╭─ Given data

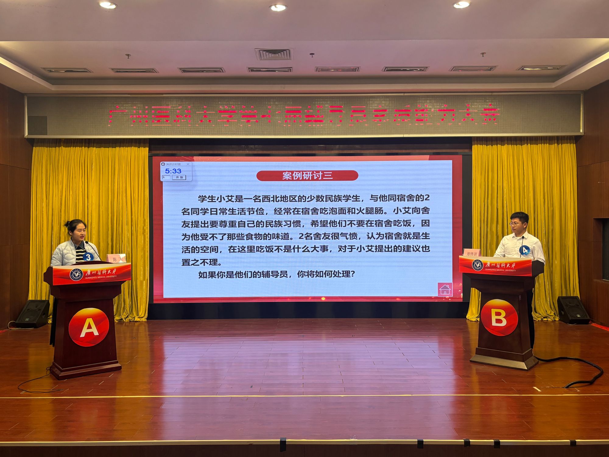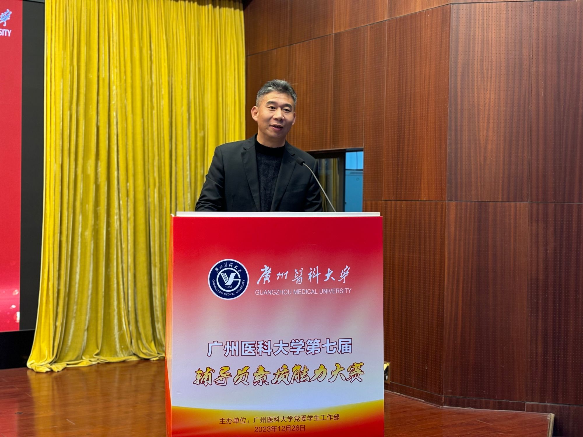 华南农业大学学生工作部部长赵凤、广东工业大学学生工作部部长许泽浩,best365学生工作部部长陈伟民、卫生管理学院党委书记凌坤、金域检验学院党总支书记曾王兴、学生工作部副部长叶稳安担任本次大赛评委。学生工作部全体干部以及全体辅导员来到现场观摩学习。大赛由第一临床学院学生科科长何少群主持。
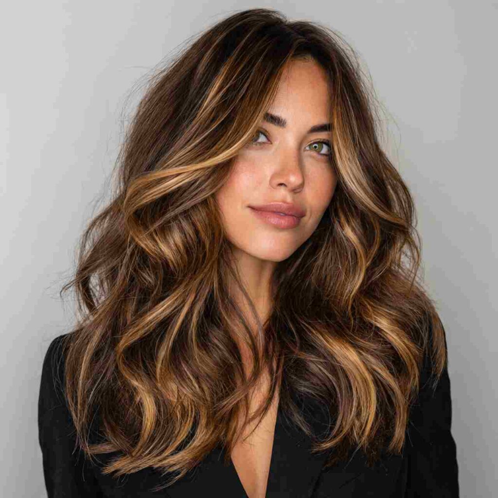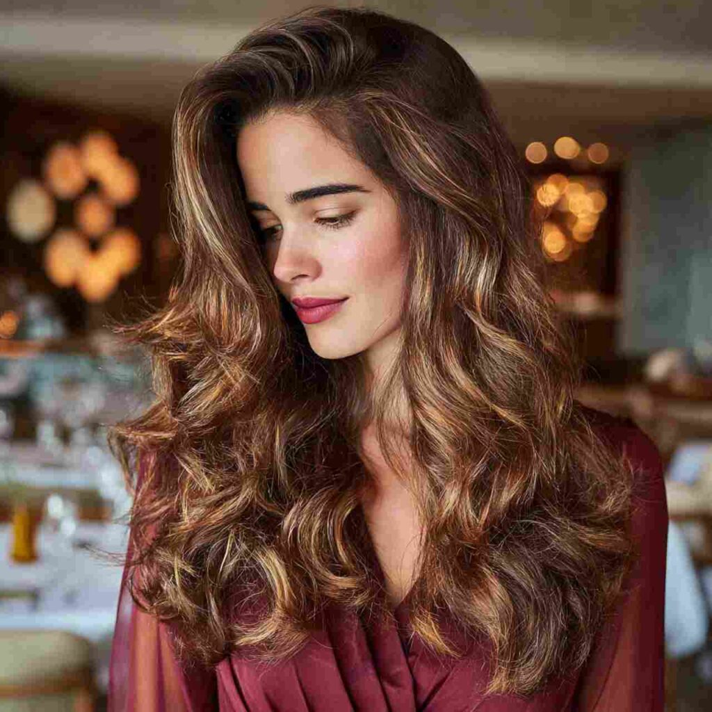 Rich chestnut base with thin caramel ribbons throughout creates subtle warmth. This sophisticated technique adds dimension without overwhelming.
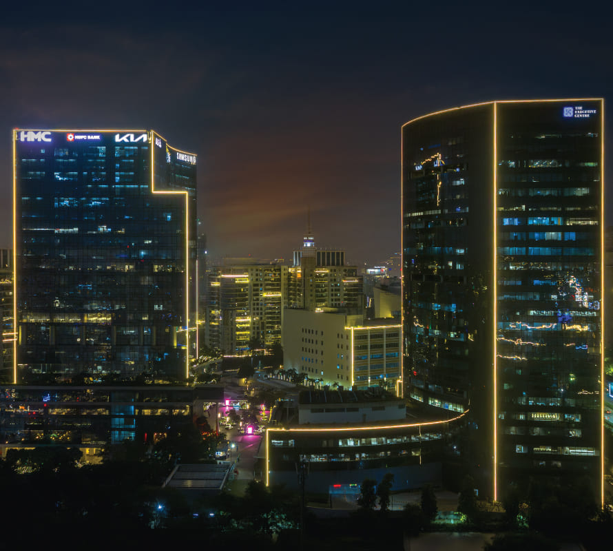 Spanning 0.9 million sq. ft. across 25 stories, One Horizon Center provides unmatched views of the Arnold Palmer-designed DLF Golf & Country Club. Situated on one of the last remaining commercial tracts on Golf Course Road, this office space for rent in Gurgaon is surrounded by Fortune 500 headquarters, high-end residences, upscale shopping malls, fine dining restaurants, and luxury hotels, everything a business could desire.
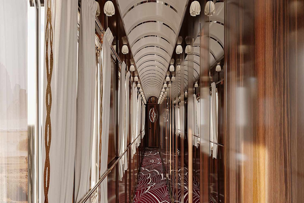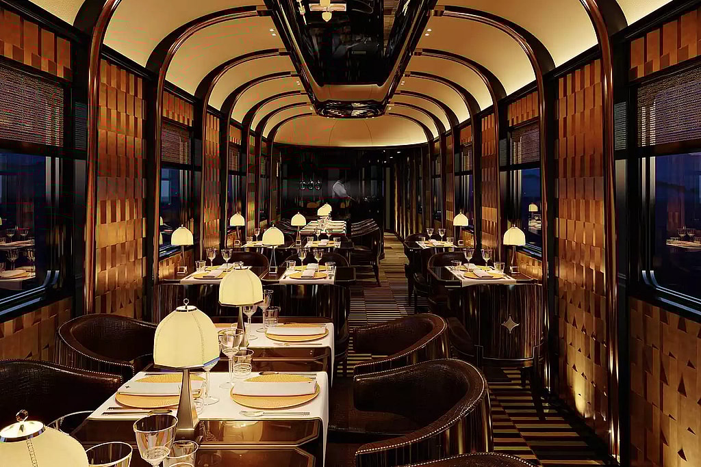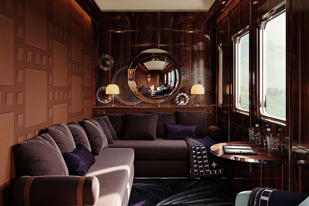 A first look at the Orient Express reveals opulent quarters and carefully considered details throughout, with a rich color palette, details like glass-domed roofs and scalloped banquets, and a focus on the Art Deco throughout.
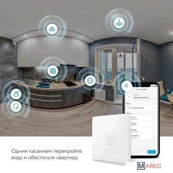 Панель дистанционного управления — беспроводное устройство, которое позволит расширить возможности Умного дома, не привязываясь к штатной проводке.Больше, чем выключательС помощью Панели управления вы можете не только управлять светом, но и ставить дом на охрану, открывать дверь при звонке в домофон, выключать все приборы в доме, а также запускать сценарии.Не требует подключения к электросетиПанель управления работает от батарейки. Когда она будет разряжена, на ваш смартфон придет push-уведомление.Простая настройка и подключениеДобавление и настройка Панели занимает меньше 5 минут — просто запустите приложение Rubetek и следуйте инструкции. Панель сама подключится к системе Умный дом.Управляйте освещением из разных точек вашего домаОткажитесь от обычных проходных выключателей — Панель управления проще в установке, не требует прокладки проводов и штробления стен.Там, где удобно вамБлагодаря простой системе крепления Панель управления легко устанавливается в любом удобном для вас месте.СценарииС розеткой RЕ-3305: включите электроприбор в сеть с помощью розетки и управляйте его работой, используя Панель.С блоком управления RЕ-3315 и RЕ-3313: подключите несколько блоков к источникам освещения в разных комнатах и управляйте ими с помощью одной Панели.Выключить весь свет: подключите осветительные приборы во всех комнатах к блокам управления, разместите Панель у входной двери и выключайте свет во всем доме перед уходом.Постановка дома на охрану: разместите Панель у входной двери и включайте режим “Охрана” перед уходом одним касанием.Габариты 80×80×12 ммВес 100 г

╰─

# Assignment
In the copy, include each entry exactly as written and none of the pictures.

# Written reply
 华南农业大学学生工作部部长赵凤、广东工业大学学生工作部部长许泽浩,best365学生工作部部长陈伟民、卫生管理学院党委书记凌坤、金域检验学院党总支书记曾王兴、学生工作部副部长叶稳安担任本次大赛评委。学生工作部全体干部以及全体辅导员来到现场观摩学习。大赛由第一临床学院学生科科长何少群主持。
 Rich chestnut base with thin caramel ribbons throughout creates subtle warmth. This sophisticated technique adds dimension without overwhelming.
 Spanning 0.9 million sq. ft. across 25 stories, One Horizon Center provides unmatched views of the Arnold Palmer-designed DLF Golf & Country Club. Situated on one of the last remaining commercial tracts on Golf Course Road, this office space for rent in Gurgaon is surrounded by Fortune 500 headquarters, high-end residences, upscale shopping malls, fine dining restaurants, and luxury hotels, everything a business could desire.
 A first look at the Orient Express reveals opulent quarters and carefully considered details throughout, with a rich color palette, details like glass-domed roofs and scalloped banquets, and a focus on the Art Deco throughout.
 Панель дистанционного управления — беспроводное устройство, которое позволит расширить возможности Умного дома, не привязываясь к штатной проводке.Больше, чем выключательС помощью Панели управления вы можете не только управлять светом, но и ставить дом на охрану, открывать дверь при звонке в домофон, выключать все приборы в доме, а также запускать сценарии.Не требует подключения к электросетиПанель управления работает от батарейки. Когда она будет разряжена, на ваш смартфон придет push-уведомление.Простая настройка и подключениеДобавление и настройка Панели занимает меньше 5 минут — просто запустите приложение Rubetek и следуйте инструкции. Панель сама подключится к системе Умный дом.Управляйте освещением из разных точек вашего домаОткажитесь от обычных проходных выключателей — Панель управления проще в установке, не требует прокладки проводов и штробления стен.Там, где удобно вамБлагодаря простой системе крепления Панель управления легко устанавливается в любом удобном для вас месте.СценарииС розеткой RЕ-3305: включите электроприбор в сеть с помощью розетки и управляйте его работой, используя Панель.С блоком управления RЕ-3315 и RЕ-3313: подключите несколько блоков к источникам освещения в разных комнатах и управляйте ими с помощью одной Панели.Выключить весь свет: подключите осветительные приборы во всех комнатах к блокам управления, разместите Панель у входной двери и выключайте свет во всем доме перед уходом.Постановка дома на охрану: разместите Панель у входной двери и включайте режим “Охрана” перед уходом одним касанием.Габариты 80×80×12 ммВес 100 г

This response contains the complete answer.